Your answer should contain every line of the records, transcribed word for word.
BEGIN
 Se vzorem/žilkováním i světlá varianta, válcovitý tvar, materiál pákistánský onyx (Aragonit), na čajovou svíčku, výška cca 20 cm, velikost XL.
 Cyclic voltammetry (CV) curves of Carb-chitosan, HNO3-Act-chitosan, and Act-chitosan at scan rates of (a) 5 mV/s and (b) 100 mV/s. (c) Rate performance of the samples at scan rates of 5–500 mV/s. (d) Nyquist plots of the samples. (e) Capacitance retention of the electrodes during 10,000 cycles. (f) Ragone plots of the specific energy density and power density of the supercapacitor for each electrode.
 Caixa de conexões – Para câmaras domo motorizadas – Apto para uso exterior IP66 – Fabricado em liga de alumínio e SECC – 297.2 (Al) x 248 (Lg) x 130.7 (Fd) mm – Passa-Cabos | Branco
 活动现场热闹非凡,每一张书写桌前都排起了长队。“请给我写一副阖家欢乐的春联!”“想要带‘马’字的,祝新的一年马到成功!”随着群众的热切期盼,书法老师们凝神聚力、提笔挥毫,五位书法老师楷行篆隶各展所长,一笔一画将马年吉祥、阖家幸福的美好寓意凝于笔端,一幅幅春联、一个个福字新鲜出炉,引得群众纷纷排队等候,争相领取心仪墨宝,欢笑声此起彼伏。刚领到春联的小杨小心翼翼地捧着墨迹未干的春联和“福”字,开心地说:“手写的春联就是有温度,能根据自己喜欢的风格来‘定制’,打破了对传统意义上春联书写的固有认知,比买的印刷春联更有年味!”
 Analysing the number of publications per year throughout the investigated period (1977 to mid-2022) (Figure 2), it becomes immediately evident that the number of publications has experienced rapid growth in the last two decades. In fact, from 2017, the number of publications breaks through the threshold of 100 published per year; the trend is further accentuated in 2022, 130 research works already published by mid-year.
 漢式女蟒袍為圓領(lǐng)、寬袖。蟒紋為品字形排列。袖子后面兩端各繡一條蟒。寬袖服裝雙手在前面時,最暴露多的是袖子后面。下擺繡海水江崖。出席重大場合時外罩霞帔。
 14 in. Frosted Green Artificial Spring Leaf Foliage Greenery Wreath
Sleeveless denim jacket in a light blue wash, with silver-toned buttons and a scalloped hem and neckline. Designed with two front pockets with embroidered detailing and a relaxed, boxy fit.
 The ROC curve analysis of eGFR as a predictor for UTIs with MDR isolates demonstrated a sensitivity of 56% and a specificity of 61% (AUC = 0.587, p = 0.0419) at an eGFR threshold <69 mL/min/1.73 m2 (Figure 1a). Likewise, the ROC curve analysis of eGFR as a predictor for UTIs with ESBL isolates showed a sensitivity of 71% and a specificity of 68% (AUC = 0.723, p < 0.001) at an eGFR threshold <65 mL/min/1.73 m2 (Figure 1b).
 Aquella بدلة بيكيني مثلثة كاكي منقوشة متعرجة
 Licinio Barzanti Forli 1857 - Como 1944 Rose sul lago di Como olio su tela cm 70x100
END
● Solution to the problem:
 Se vzorem/žilkováním i světlá varianta, válcovitý tvar, materiál pákistánský onyx (Aragonit), na čajovou svíčku, výška cca 20 cm, velikost XL.
 Cyclic voltammetry (CV) curves of Carb-chitosan, HNO3-Act-chitosan, and Act-chitosan at scan rates of (a) 5 mV/s and (b) 100 mV/s. (c) Rate performance of the samples at scan rates of 5–500 mV/s. (d) Nyquist plots of the samples. (e) Capacitance retention of the electrodes during 10,000 cycles. (f) Ragone plots of the specific energy density and power density of the supercapacitor for each electrode.
 Caixa de conexões – Para câmaras domo motorizadas – Apto para uso exterior IP66 – Fabricado em liga de alumínio e SECC – 297.2 (Al) x 248 (Lg) x 130.7 (Fd) mm – Passa-Cabos | Branco
 活动现场热闹非凡,每一张书写桌前都排起了长队。“请给我写一副阖家欢乐的春联!”“想要带‘马’字的,祝新的一年马到成功!”随着群众的热切期盼,书法老师们凝神聚力、提笔挥毫,五位书法老师楷行篆隶各展所长,一笔一画将马年吉祥、阖家幸福的美好寓意凝于笔端,一幅幅春联、一个个福字新鲜出炉,引得群众纷纷排队等候,争相领取心仪墨宝,欢笑声此起彼伏。刚领到春联的小杨小心翼翼地捧着墨迹未干的春联和“福”字,开心地说:“手写的春联就是有温度,能根据自己喜欢的风格来‘定制’,打破了对传统意义上春联书写的固有认知,比买的印刷春联更有年味!”
 Analysing the number of publications per year throughout the investigated period (1977 to mid-2022) (Figure 2), it becomes immediately evident that the number of publications has experienced rapid growth in the last two decades. In fact, from 2017, the number of publications breaks through the threshold of 100 published per year; the trend is further accentuated in 2022, 130 research works already published by mid-year.
 漢式女蟒袍為圓領(lǐng)、寬袖。蟒紋為品字形排列。袖子后面兩端各繡一條蟒。寬袖服裝雙手在前面時,最暴露多的是袖子后面。下擺繡海水江崖。出席重大場合時外罩霞帔。
 14 in. Frosted Green Artificial Spring Leaf Foliage Greenery Wreath
Sleeveless denim jacket in a light blue wash, with silver-toned buttons and a scalloped hem and neckline. Designed with two front pockets with embroidered detailing and a relaxed, boxy fit.
 The ROC curve analysis of eGFR as a predictor for UTIs with MDR isolates demonstrated a sensitivity of 56% and a specificity of 61% (AUC = 0.587, p = 0.0419) at an eGFR threshold <69 mL/min/1.73 m2 (Figure 1a). Likewise, the ROC curve analysis of eGFR as a predictor for UTIs with ESBL isolates showed a sensitivity of 71% and a specificity of 68% (AUC = 0.723, p < 0.001) at an eGFR threshold <65 mL/min/1.73 m2 (Figure 1b).
 Aquella بدلة بيكيني مثلثة كاكي منقوشة متعرجة
 Licinio Barzanti Forli 1857 - Como 1944 Rose sul lago di Como olio su tela cm 70x100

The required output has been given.